= Illinois Student Assistance Commission =

Quasi-public scholarship panel in the U.S. state of Illinois

Monetary Award Program (MAP)

Illinois State Financial Aid Grant

Overview

| Jurisdiction | Illinois, United States |
| Administered by | Illinois Student Assistance Commission (ISAC) |
| Type | Need-based financial aid |
| Established | 1957 |
| Status | ● Active |

Eligibility & Award Terms

| Target audience | Undergraduate Illinois residents |
| Financial basis | Demonstrated financial need (FAFSA or Alternative App) |
| Enrollment req. | Minimum 3 credit hours per term |
| Maximum award | Up to $8,400 per academic year |
| Coverage | Tuition and mandatory institutional fees only |
| Lifetime limit | 135 MAP Paid Credit Hours |

Official Website:

www.isac.org/map
The Illinois Student Assistance Commission (ISAC) is a quasi-public, ten-member panel with a permanent staff.

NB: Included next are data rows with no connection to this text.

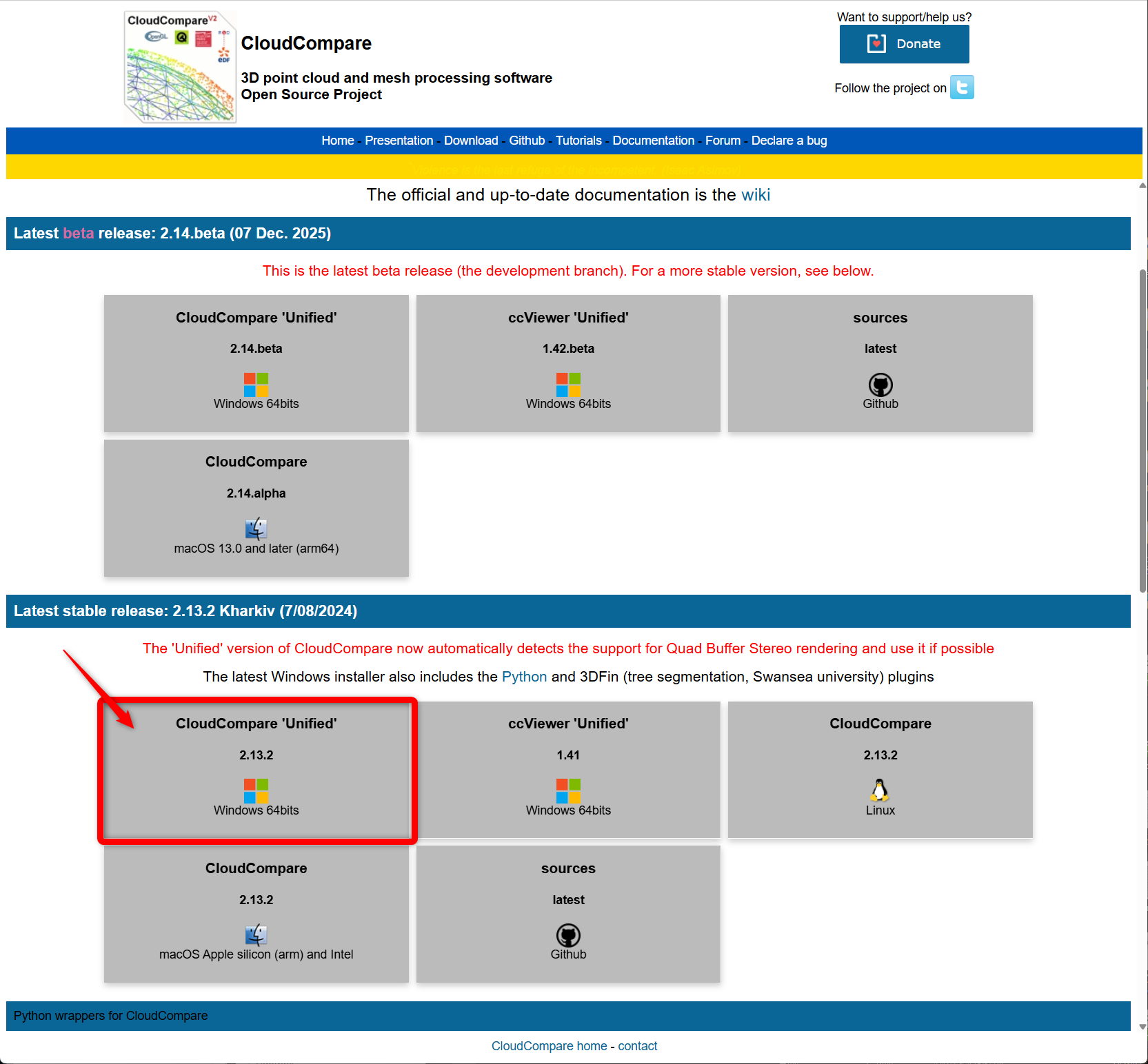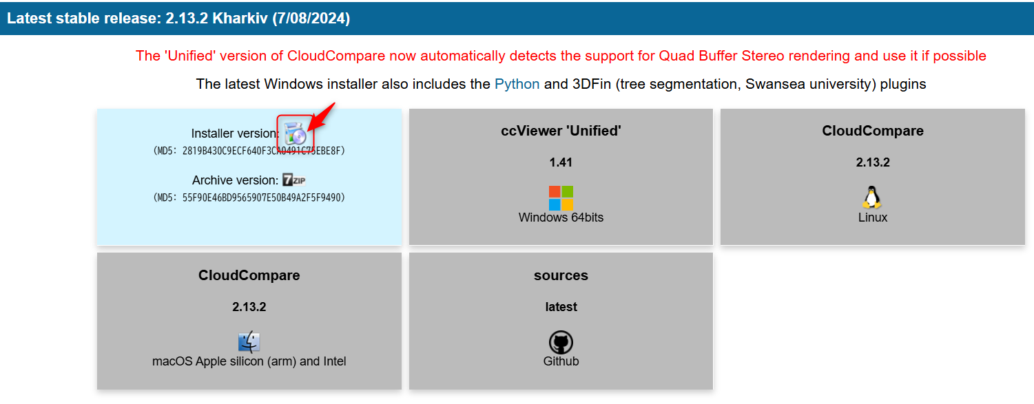 CloudCompareのダウンロード&インストール
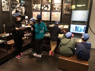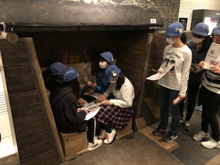 防空壕、闇市、黒電話などが展示されていて、子供たちは一生懸命に見学していました。
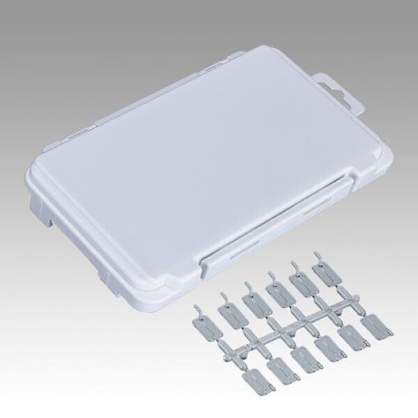 両面スリットフォームに専用パーツを付属したタイラバフック特化型収納ケース。スリットに専用パーツを差し込むだけの簡単セッティング。専用パーツにアシストラインを引っかけ、残ったフックはスリットに差し込みます。スッキリと整列させて収納できるので、ケース内で絡まったりせず、釣行中でもスムーズに交換が可能です。
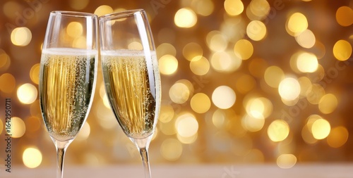 Two champagne glasses with sparkling bubbles against a golden festive background
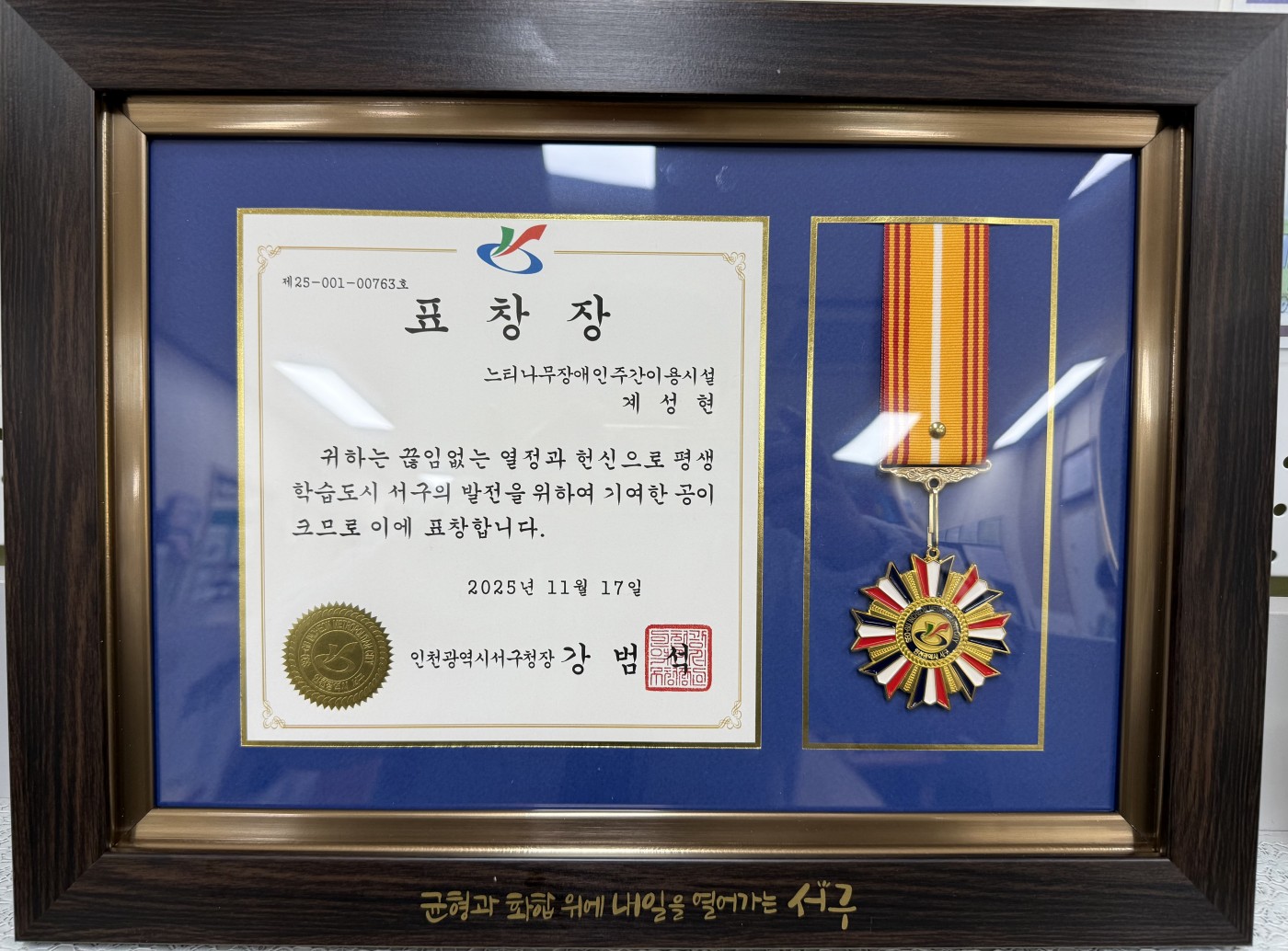 [경축] 계성현 선생님[2025 인천 서구 평생학습도시] 유공 표창 수여 > 공지사항 | 사회복지법인 한원복지재단

It operates several key Illinois programs of higher education and tuition assistance, of which the largest is the Monetary Award Program (MAP) grant program for eligible Illinois college students. It was founded in 1957.

==Organization==
The ten members of the ISAC Commission are appointed by the Governor of Illinois with the advice and consent of the Illinois Senate. Of the ten appointees, four are representatives of the professional education community, five are non-educator laypersons with an interest in higher education issues, and one member who is a student in Illinois higher education. Of the four educators, one each shall represent state universities in Illinois, private colleges and universities in Illinois, community colleges in Illinois and Illinois public high schools. The ISAC was created by the Illinois Compiled Statutes (110 ILCS 947/15).